20 mai – 17 jun 2023

  • Antes da arte, Artur Barrio desejou ser arqueólogo submarino.

    Hoje, o artista vive em um barco sobre as águas da Baía de Guanabara e produz de forma solitária. Esquematiza em diversos papéis a possibilidade de uma ideia, que não necessariamente será seguida; tais papéis, no entanto, acompanham-no na realização de cada trabalho. Produz diretamente nos espaços expositivos, sem espectadores.

    Possibilita, dessa forma, acessar a reclusão tal qual o homem de Lascaux ou da Caverna de Cosquer, podendo, assim, produzir de forma que as noções de consciência e inconsciência deixam de fazer sentido. Ao mesmo tempo, com o experiente olhar de quem estuda a vida em sociedade, produz para apresentar ao público. Dispensa o valor de culto do homem primitivo e esgarça o campo do possível na arte contemporânea. Ainda que as sensações sejam reais, acessar o seu trabalho pode ser uma experiência quase onírica, surreal.

    “Em meu trabalho, as coisas não são indicadas (apresentadas), mas sim vividas, e é necessário que se dê um mergulho, que se o mergulhe/manipule, e isso é mergulhar em si”, escreve Barrio no texto “Lama/carne esgoto”, de 1970.

    Aos 78 anos, o artista segue defendendo a experiência através da arte. Sua linguagem se faz no tempo. Sua produção se reinventa a cada nova situação criada.

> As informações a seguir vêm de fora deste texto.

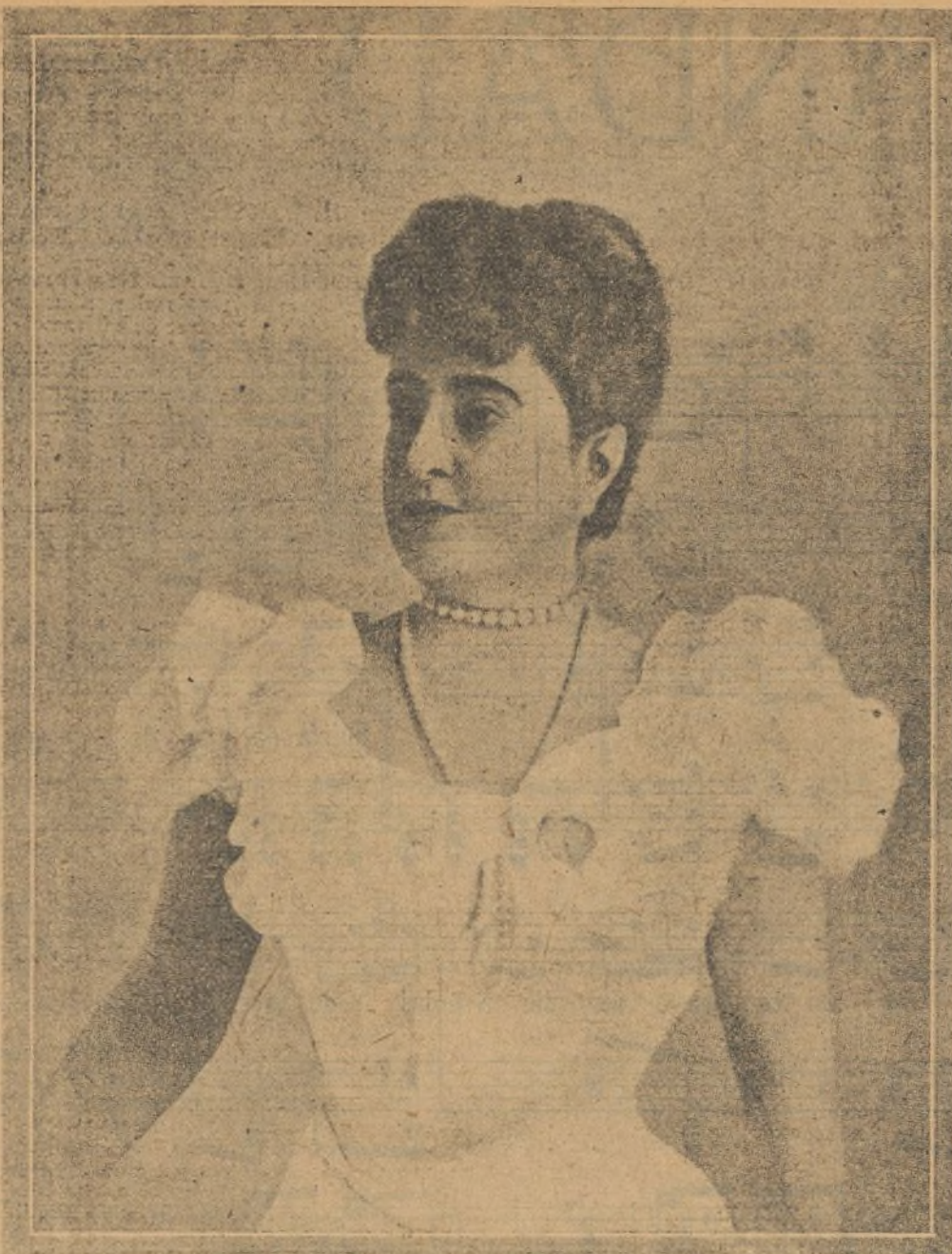
Adelina Patti, baronesa de Roff Caderstrom, hermosa y distinguida cantatriz que acaba de fallecer en su castillo de Craig-y-Nos (Gales)

Preciosilla , que se dirigía con su madre a la isla de Cuba, en donde tenía que cumplir algunos contratos pendientes, ha sido una de las víctimas del naufragio

    Para a Central Galeria, Barrio produz um monólogo cujo procedimento de elaboração, pela primeira vez, será realizado ao lado dos trabalhadores da galeria. Enquanto Barrio trabalha construindo a exposição, a equipe seguirá em seu trabalho cotidiano de escritório. Segundo o artista, ainda que seja definida uma linha invisível a separar os afazeres de equipe e artista, o processo não deixa de criar uma relação entre as partes pelo estorvo mútuo. O artista pretende ainda colocar em cena pó de café, luz baixa e um texto-lamento, transformando a galeria na caverna de um intelectual que deixa os rastros do gesto selvagem do laboro sobre uma pobre mesa e pelas paredes escritas à exaustão.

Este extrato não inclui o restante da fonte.